Dataset entries:
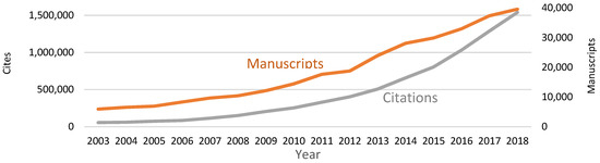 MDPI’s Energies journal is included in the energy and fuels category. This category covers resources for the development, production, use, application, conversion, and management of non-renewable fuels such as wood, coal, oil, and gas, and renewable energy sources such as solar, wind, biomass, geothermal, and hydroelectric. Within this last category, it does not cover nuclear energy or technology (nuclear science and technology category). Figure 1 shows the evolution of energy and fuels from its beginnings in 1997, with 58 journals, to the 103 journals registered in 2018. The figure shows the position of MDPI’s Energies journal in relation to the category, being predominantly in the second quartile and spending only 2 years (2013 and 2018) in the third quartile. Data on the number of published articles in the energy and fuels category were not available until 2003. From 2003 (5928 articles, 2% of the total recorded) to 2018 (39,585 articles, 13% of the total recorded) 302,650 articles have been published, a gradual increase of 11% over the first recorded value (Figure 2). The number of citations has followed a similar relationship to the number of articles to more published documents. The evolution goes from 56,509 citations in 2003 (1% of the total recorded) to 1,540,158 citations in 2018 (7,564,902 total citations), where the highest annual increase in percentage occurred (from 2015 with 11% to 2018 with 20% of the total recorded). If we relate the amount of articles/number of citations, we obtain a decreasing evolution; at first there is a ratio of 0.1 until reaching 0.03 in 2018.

==

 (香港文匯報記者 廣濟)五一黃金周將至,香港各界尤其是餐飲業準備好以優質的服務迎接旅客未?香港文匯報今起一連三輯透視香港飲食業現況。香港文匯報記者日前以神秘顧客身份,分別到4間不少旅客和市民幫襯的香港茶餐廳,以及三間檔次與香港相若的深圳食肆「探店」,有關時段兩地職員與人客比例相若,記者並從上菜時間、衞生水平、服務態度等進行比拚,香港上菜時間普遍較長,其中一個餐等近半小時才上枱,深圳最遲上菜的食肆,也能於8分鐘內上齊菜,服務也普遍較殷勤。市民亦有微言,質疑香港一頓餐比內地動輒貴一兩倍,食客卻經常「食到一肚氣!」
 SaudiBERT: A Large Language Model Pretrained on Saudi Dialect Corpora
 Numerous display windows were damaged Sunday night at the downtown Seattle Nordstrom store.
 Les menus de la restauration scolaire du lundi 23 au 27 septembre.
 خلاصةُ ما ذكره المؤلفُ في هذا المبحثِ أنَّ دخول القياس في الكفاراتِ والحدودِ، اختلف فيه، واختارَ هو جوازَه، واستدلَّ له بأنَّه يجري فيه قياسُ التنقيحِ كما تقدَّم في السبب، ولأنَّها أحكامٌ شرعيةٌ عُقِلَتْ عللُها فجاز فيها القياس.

--

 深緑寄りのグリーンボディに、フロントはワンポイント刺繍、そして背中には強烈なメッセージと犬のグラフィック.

Exercise objective:
Return, with no change at all, every line in the entries above from the line containing "Numerous display windows" through the line containing "خلاصةُ ما ذكره".

Written answer:
 Numerous display windows were damaged Sunday night at the downtown Seattle Nordstrom store.
 Les menus de la restauration scolaire du lundi 23 au 27 septembre.
 خلاصةُ ما ذكره المؤلفُ في هذا المبحثِ أنَّ دخول القياس في الكفاراتِ والحدودِ، اختلف فيه، واختارَ هو جوازَه، واستدلَّ له بأنَّه يجري فيه قياسُ التنقيحِ كما تقدَّم في السبب، ولأنَّها أحكامٌ شرعيةٌ عُقِلَتْ عللُها فجاز فيها القياس.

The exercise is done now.